## EXERCISE REQUIREMENTS
Only text lines belong in the answer: the lines from the first one in the records through the line with "Conector de Plata", copied exactly.

:: EXERCISE MATERIAL

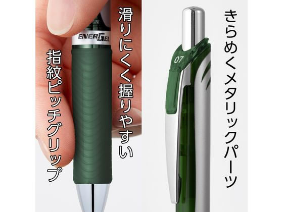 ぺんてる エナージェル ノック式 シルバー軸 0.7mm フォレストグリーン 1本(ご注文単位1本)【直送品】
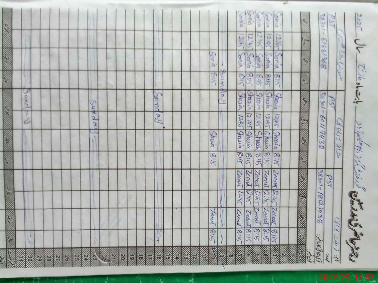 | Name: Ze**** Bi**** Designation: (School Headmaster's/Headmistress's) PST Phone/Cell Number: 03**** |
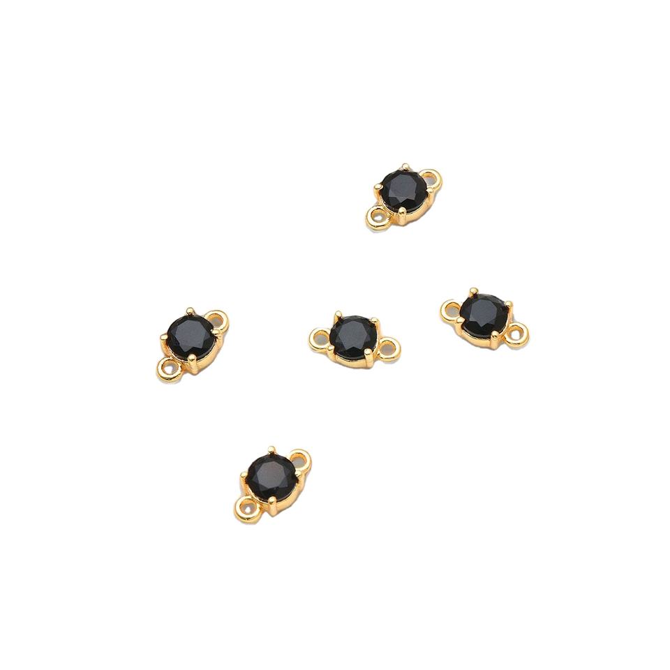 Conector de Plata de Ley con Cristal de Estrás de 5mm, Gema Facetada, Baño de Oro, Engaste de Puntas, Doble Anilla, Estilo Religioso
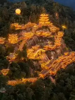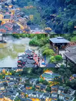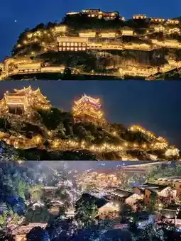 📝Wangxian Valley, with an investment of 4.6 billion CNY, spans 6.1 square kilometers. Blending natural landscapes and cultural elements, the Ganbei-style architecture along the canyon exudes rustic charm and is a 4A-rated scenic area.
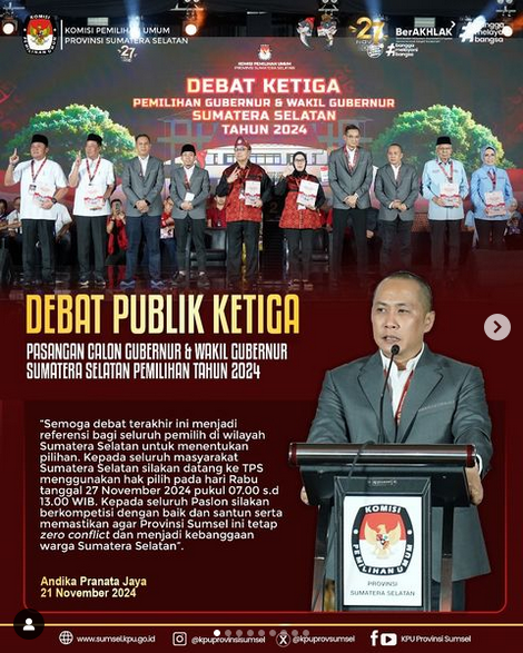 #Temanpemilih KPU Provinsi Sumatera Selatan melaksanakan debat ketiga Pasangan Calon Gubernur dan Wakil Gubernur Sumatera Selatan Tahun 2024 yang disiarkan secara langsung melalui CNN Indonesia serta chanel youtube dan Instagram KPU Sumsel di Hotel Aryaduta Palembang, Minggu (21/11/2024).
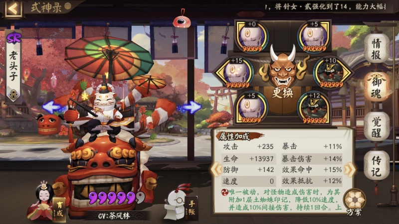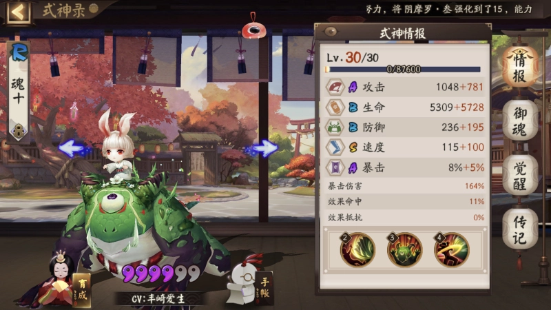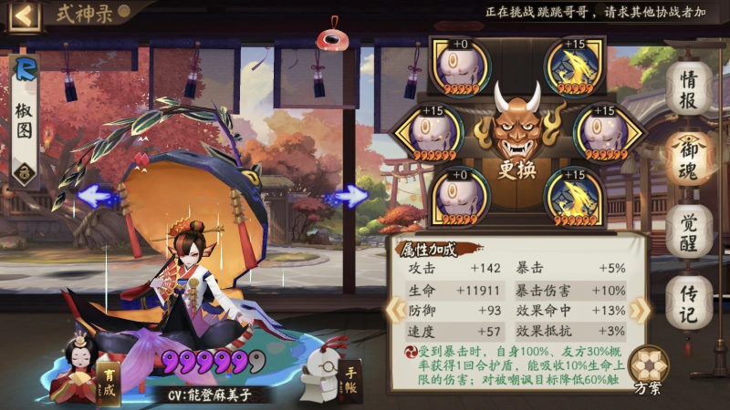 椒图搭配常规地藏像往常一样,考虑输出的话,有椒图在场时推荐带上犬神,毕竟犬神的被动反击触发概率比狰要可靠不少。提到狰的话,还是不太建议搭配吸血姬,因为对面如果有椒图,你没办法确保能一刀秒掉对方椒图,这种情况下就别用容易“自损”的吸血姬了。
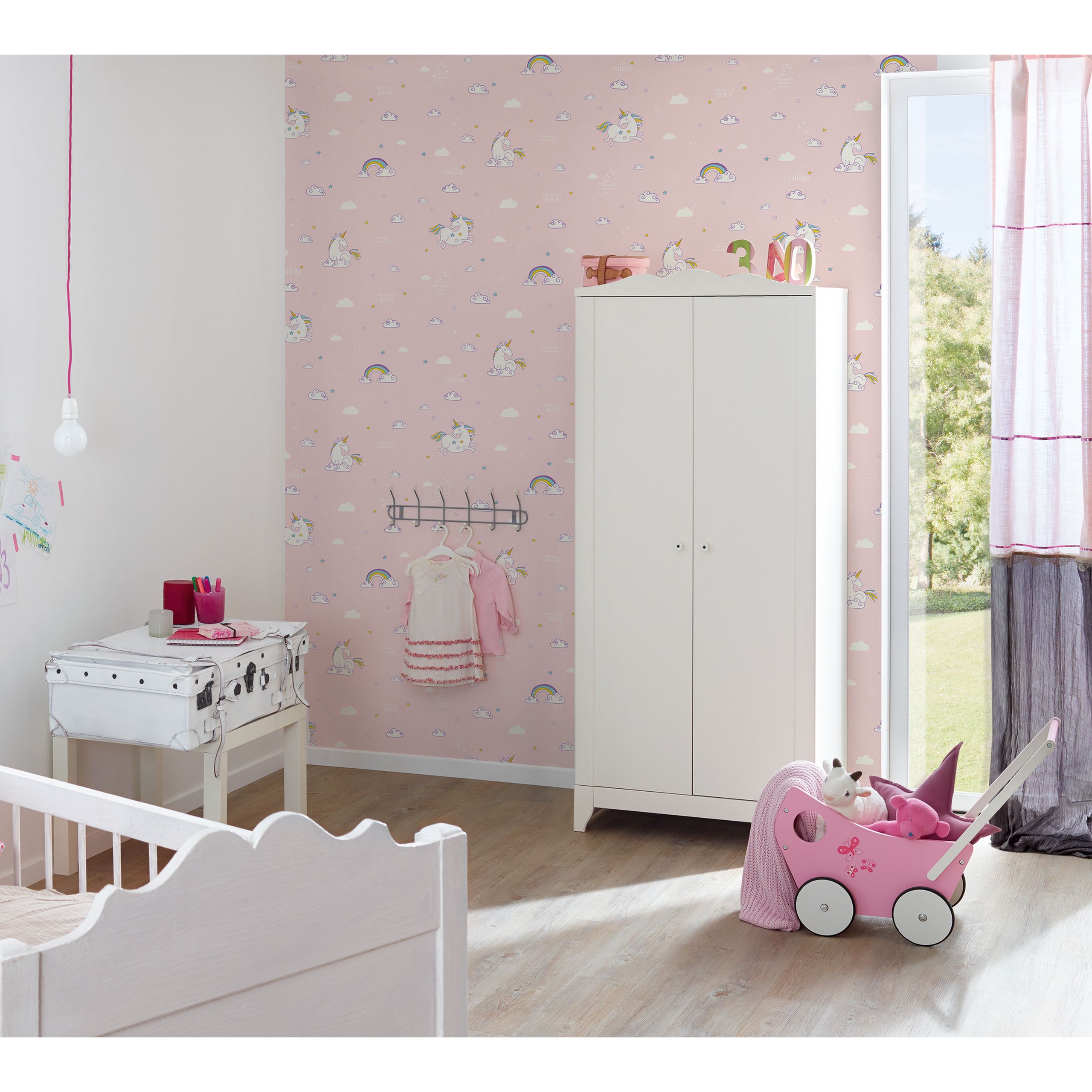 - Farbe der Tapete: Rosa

::::

## OUTPUT BELOW
 ぺんてる エナージェル ノック式 シルバー軸 0.7mm フォレストグリーン 1本(ご注文単位1本)【直送品】
 | Name: Ze**** Bi**** Designation: (School Headmaster's/Headmistress's) PST Phone/Cell Number: 03**** |
 Conector de Plata de Ley con Cristal de Estrás de 5mm, Gema Facetada, Baño de Oro, Engaste de Puntas, Doble Anilla, Estilo Religioso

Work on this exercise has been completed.